The meter stabilized.

“We’re down, guys and gals,” Travis shouted from above.

Somebody should have thought to bring some ticker tape and confetti. We made up for the lack by cheering our lungs out.

We had made it. We were on Mars.

FIRST WE ALL had to crowd into the cockpit, wearing our bomber jackets and big, goofy grins. Kelly the shutterbug took pictures of us. The view was stunning. I’m a Florida boy who’s never been anywhere. There was nothing like this in Florida. Not a speck of green to be seen anywhere. Rocks everywhere you looked, though this spot wasn’t as stony as the places where previous Mars probes had landed. It was midday, and the sky was a pale pinkish on the horizon and a deep blue straight up. Wisps of high cloud so thin you could barely see them. Dust, I think, not water.

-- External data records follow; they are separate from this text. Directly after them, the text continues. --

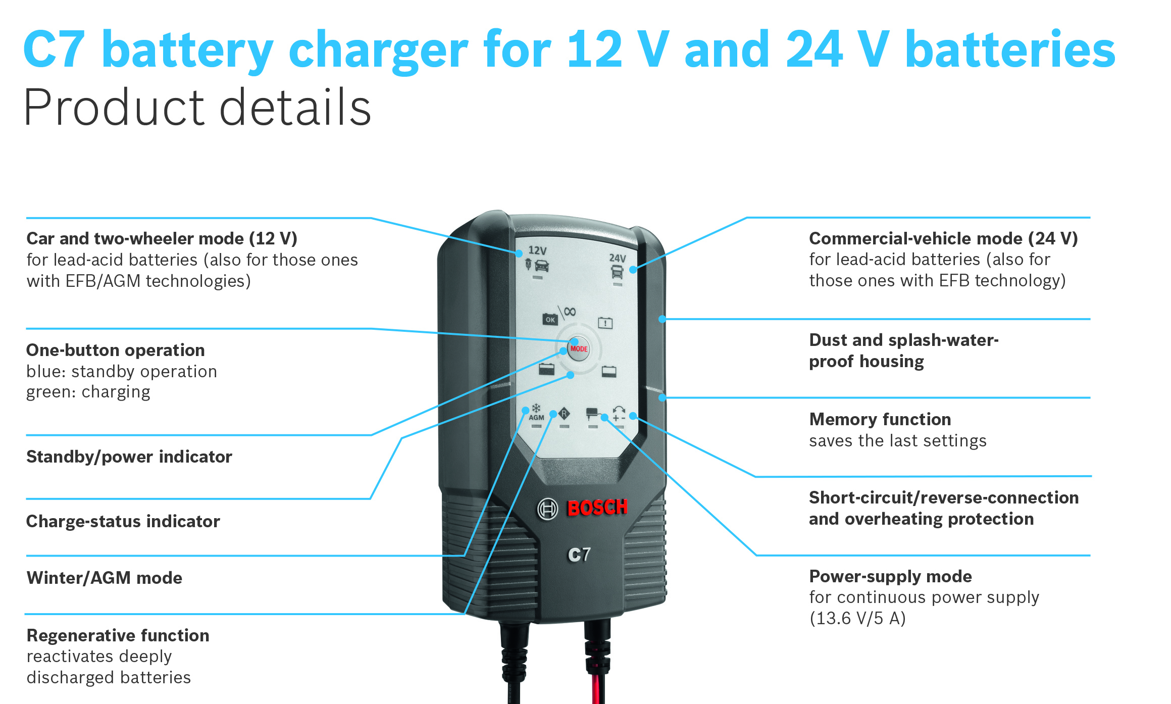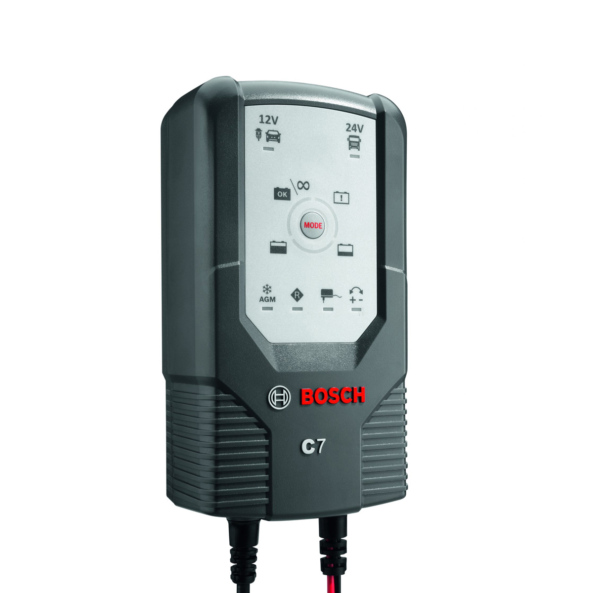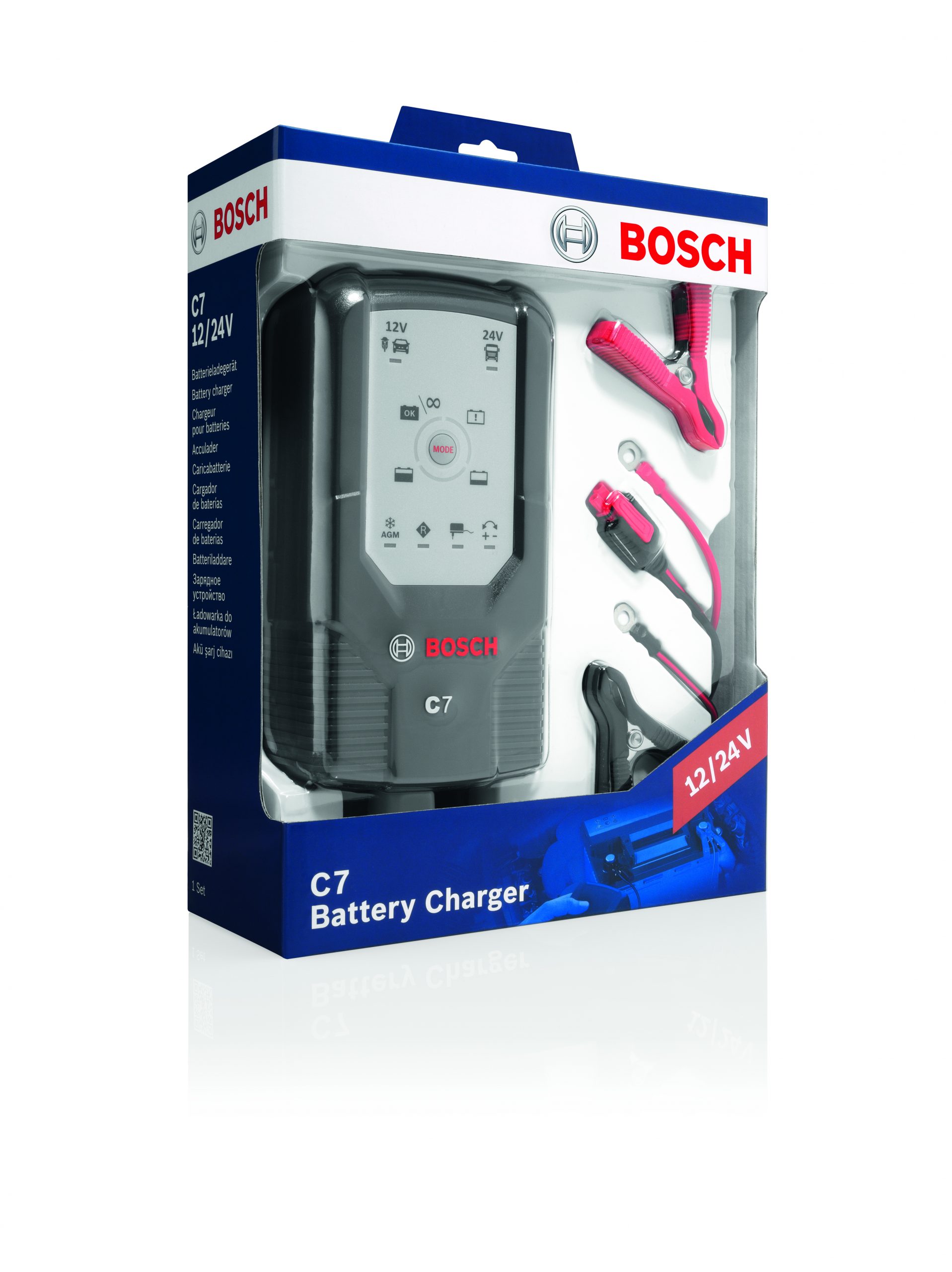 - Bosch C7: 12 & 24 volt battery charger. The Bosch C7 Battery Charger is an intelligent six-stage automatic charger with great extra features including regeneration mode and power backup. Furthermore, the C7 is ideal for charging and maintaining lead acid wet, gel, AGM and VRLA/SLA batteries up to 230Ah (12V) / 120Ah (24V).
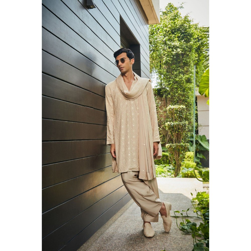 Udvah Beige Chikankari Kurta and Salwar with Dupatta (Set of 3)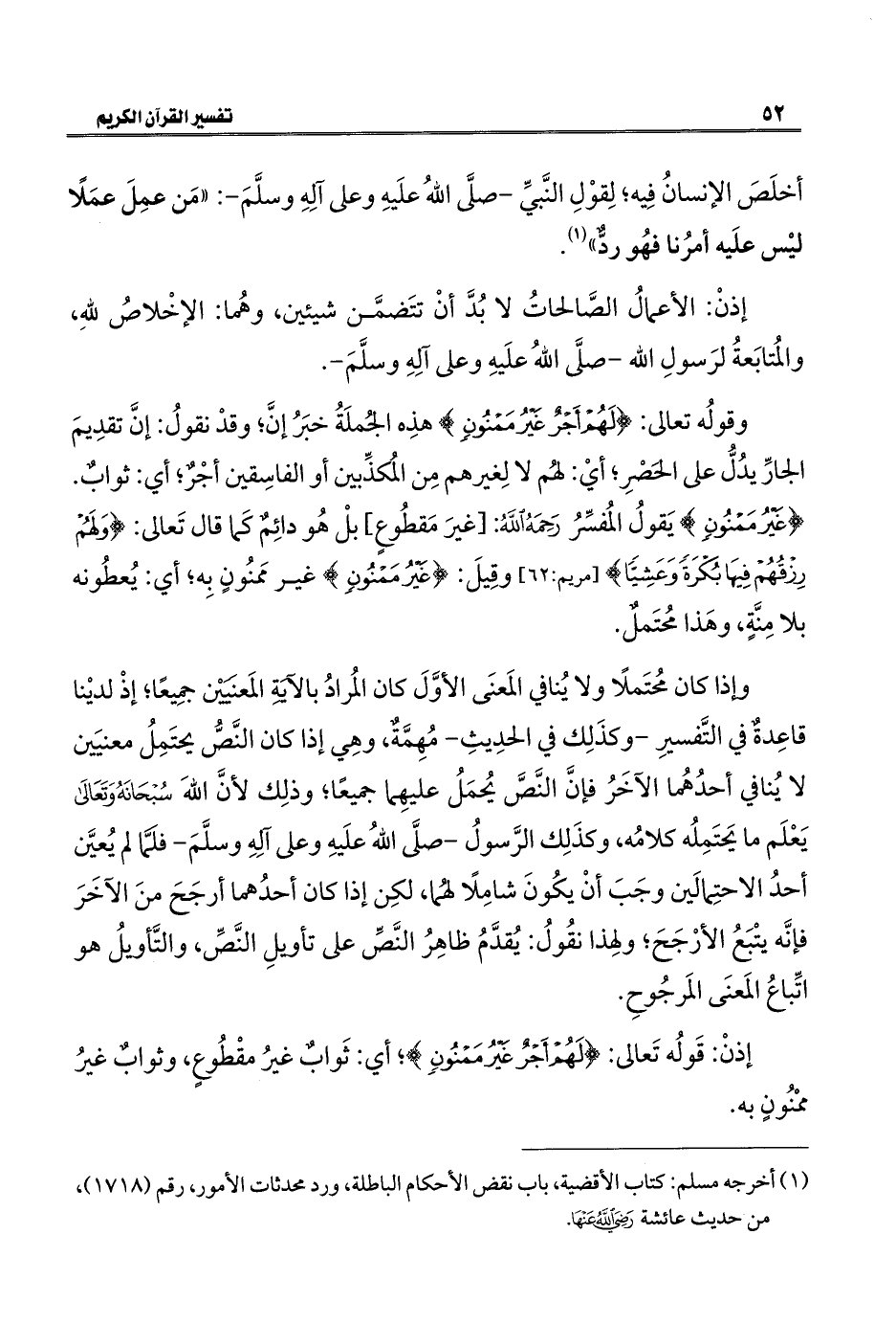 وقولُه تعالى: {لَهُمْ أَجْرٌ غَيْرُ مَمْنُونٍ} هذِه الجُملَةُ خبَرُ إنَّ؛ وقدْ نقولُ: إنَّ تقدِيمَ الجارِّ يدُلُّ على الحَصْرِ؛ أيْ: لهُم لا لِغيرهم مِن المُكذِّبين أو الفاسقين أجْرٌ؛ أي: ثوابٌ. {غَيْرُ مَمْنُونٍ} يَقولُ المُفسِّرُ رَحِمَهُ اللهُ: [غيرَ مَقطُوعٍ] بلْ هُو دائِمٌ كَما قال تَعالى: {وَلَهُمْ رِزْقُهُمْ فِيهَا بُكْرَةً وَعَشِيًّا} [مريم: ٦٢] وقِيلَ: {غَيْرُ مَمْنُونٍ} غير مَمنُونٍ بِه؛ أي: يُعطُونه بلا مِنَّةٍ، وهَذا محُتَملٌ.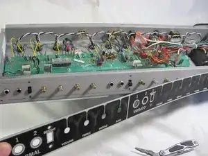 Если у вашего усилителя повреждён входной разъём, что проявляется прерываниями звука, его необходимо заменить. Это очень распространённая деталь, которая ломается из‑за постоянного подключения и отключения кабелей. В этом руководстве мы разберём усилитель, снимем головку усилителя, удалим переднюю печатную плату и заменим старый разъём на новый рабочий.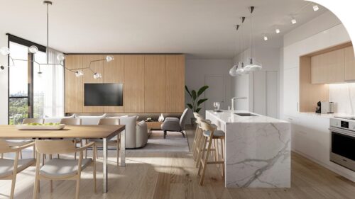 The interior of each ANX suite provides the perfect starting point of minimal design, allowing you to maximize your personal aesthetic within. Striking open concept layouts and floor-to-ceiling windows create an airy, luminous feel throughout every room. The rich blend of features and finishes, carefully curated down to the smallest detail, ensures each sleek, sophisticated space remains warm and inviting.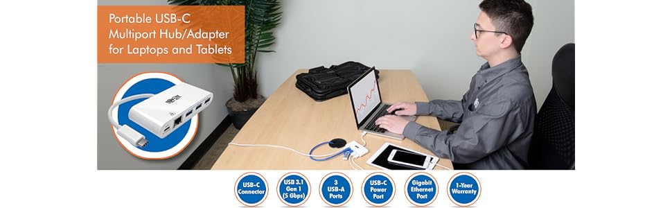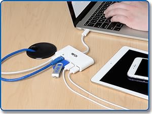 Newer tablets, laptops, Chromebook and MacBook notebooks and even desktop computers often have one or more USB-C (USB Type-C) ports, but come equipped with few others. Tripp Lite’s portable USB-C multiport hub expands the functionality of the USB-C (or Thunderbolt 3) port on your device and makes it compatible with your existing equipment. From a single USB-C port, you can: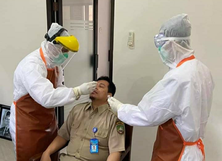 Tes Swab atau pengambilan sampel lendir dilakukan di salah satu ruangan gedung DPRD, oleh empat tenaga kesehatan, yang dipimpin oleh kepala Laboratorium Kesehatan Kabupaten Blora, Sri Purminingsih.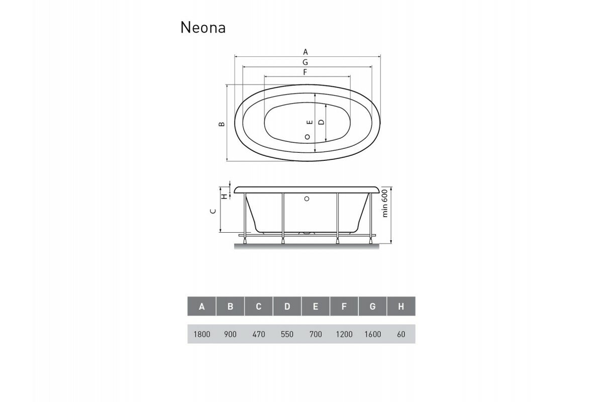 Ванна Relisan NEONA 180x90см отдельностоящая (Гл000000548)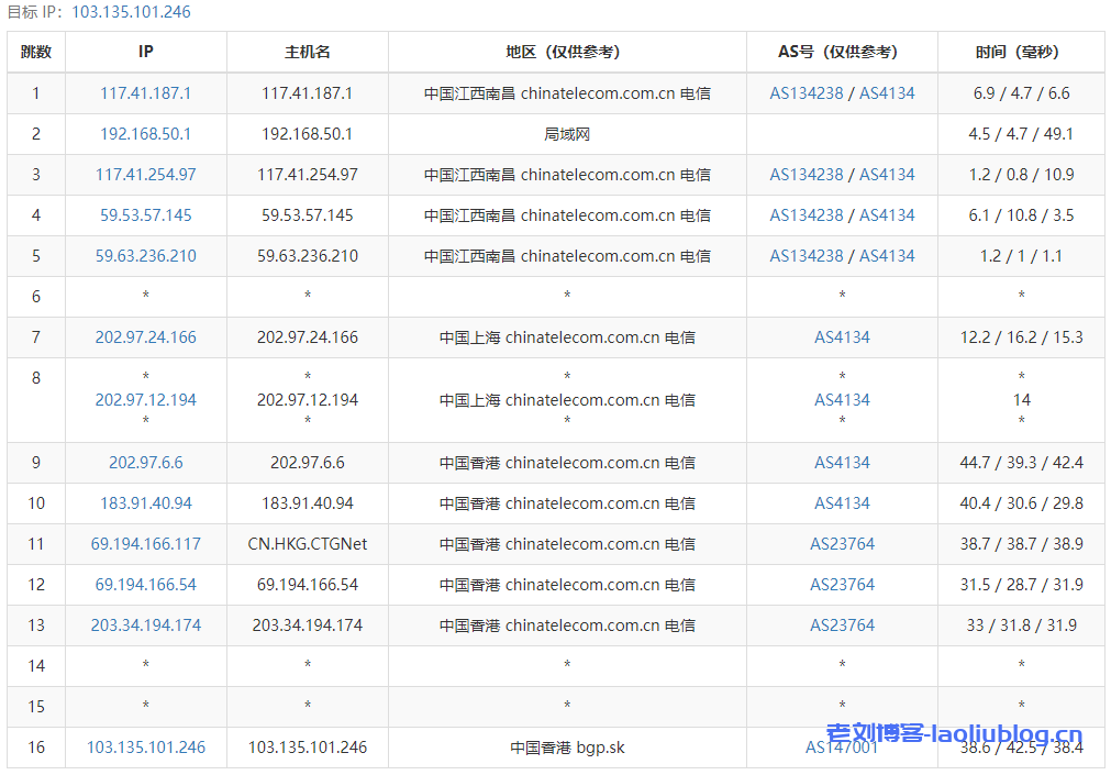 6 203.22.178.102 34.92 ms * China, Hong Kong, ChinaTelecom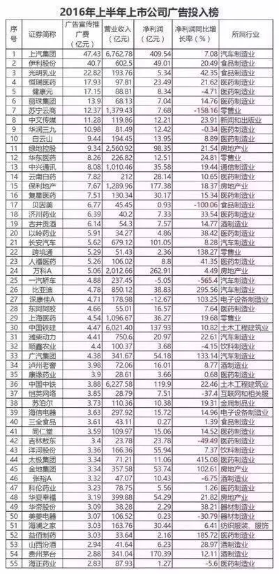 而與此形成印證的另一組數(shù)據(jù)來自2016年9月,億邦動力網(wǎng)發(fā)布的“2016年上半年上市公司廣告投入榜”上,排名前二十的公司中,醫(yī)藥制造企業(yè)竟占了“半壁江山”。

The external thermometer was reading minus eight degrees, Fahrenheit.

“Time to suit up, don’t you think?” Travis said. He got no argument. We all trooped down to the crossroads deck and then down into the suit room.

[335] I don’t know if Dak and Kelly and Alicia were holding their breaths, as I was. We’d never discussed this part of the journey.

Who gets to be first? Who gets the headline in the history books, and who ends up in the fine print? Travis was the captain, so didn’t he have the right to be first? But, being the captain, didn’t he have an obligation to stay with his ship? And if he did, who would tell him? I wasn’t eager to try.

“You kids get to be first,” Travis said, and smiled at the guilty looks on our faces. “Sure, I’ve thought about it. But, plain truth, none of this would have happened without you four. And Mars belongs to the young. And… well, hell! Get your suits on before I change my mind and beat y’all out the door!”

We didn’t need more prompting. We all set new records getting into the things. Then down into the lock, Travis sealing the hatch behind us. Final suit checks, buddying each other. Then cycle the lock, watch the pressure equalize with the breath of carbon dioxide gas outside, and open the outer lock door.